The Trust Problem: "How Do I Know Your Numbers Are Right?"

If you've ever evaluated a payroll platform, you've asked some version of this question. Maybe during a vendor demo. Maybe during due diligence. Maybe after the first production payrun produced a number that didn't match what your payroll consultant expected. The question is always the same: how do I know your calculations are correct?

The traditional answer from payroll vendors is a variation of "trust us." We've been doing this for twenty years. We have payroll consultants on staff. We're certified. Our clients haven't complained. These are all reasonable signals of competence, but they're not evidence. They're social proof — and social proof doesn't survive an audit.

When a tax authority questions a specific calculation — why is this employee's Solidaritätszuschlag EUR 0 when their income clearly exceeds the Freigrenze? — the correct answer isn't "our system is certified." The correct answer is: here is the test that verifies this exact scenario, here is the input data, here is the expected result, and here is the calculation trace that proves the engine produces it.

That's the premise behind PayrollEx's approach to compliance.
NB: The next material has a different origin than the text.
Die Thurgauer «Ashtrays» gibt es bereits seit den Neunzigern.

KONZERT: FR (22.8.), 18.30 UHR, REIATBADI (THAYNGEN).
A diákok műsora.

Every country regulation ships with a test suite. Not documentation tests. Not sample data. Integration tests — full payrun executions against a running Payroll Engine backend, with explicit expected values for every wage type in the result.
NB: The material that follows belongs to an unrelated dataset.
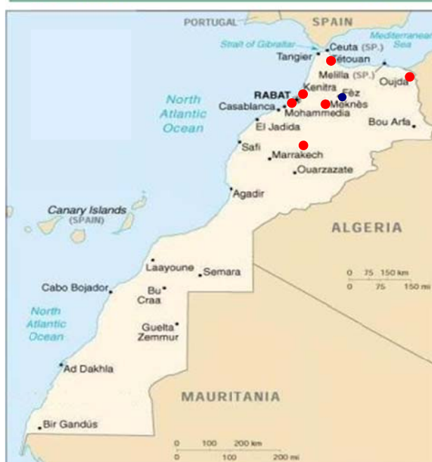
Taux de croissance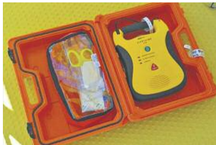
Els nous desfibril·ladors són semiautomàtics.

La idea del consistori, ara, és seguir-ne instal·lant en tot el municipi en diverses fases. La següent seria als cotxes patrulla de la policia local i després, a les farmàcies.

The number: 694 integration tests across 11 countries. Each test defines an employee scenario, runs a payrun against the live calculation engine, and asserts specific expected values for income tax, social security contributions, employer costs, and net pay. Every regulation update must pass all tests before deployment.
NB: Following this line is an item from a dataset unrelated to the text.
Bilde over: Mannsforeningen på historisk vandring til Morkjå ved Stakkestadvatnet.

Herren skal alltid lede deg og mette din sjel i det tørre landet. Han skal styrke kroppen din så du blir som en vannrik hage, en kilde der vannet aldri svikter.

This isn't test-driven development in the software engineering sense — though it borrows from that methodology. It's test-driven compliance: the proposition that every statutory calculation should be independently verifiable, and that the proof should ship alongside the product.

For providers, this changes the conversation. Instead of "trust us," the answer becomes "inspect the tests yourself." Instead of a black box that produces payslips, it's a transparent system where every calculation can be traced, reproduced, and challenged.

What a Compliance Test Looks Like

A compliance test in PayrollEx is not a unit test that checks a single function in isolation. It's an end-to-end integration test that exercises the entire calculation pipeline: case data in, payrun execution, results out, assertions verified.

Each test lives in its own folder with three mandatory files:

  • Exchange JSON (.et.json) — The complete test scenario: employee case data, payrun job invocation, and the expected payroll results with specific wage type values
  • Run command (.pecmd) — A single command that executes the test against a running backend
  • README (README.md) — A human-readable calculation walkthrough showing the step-by-step arithmetic for every expected value

The exchange JSON is the machine-readable contract. It declares: "Given this employee with these characteristics, running payroll for this period, the system must produce these exact numbers." The README is the human-readable proof: it shows why those numbers are correct, tracing through statutory formulas, thresholds, and rates.

A Concrete Example: German Income Tax

Consider a test for German Lohnsteuer (income tax). The scenario: an employee in Steuerklasse I (tax class 1, single, no children), earning EUR 3,000 per month, working in a state without Kirchensteuer (church tax). No special circumstances — no company car, no bAV, no Einmalzahlung. A straightforward monthly payrun.

The exchange JSON defines the employee's case values: tax class, monthly salary, social insurance category, health insurance type (gesetzlich), state of employment. It specifies the payrun period (January 2026) and the expected results: Lohnsteuer, Solidaritätszuschlag, KV/PV/RV/AV contributions (employee and employer shares), Umlage costs, and net pay.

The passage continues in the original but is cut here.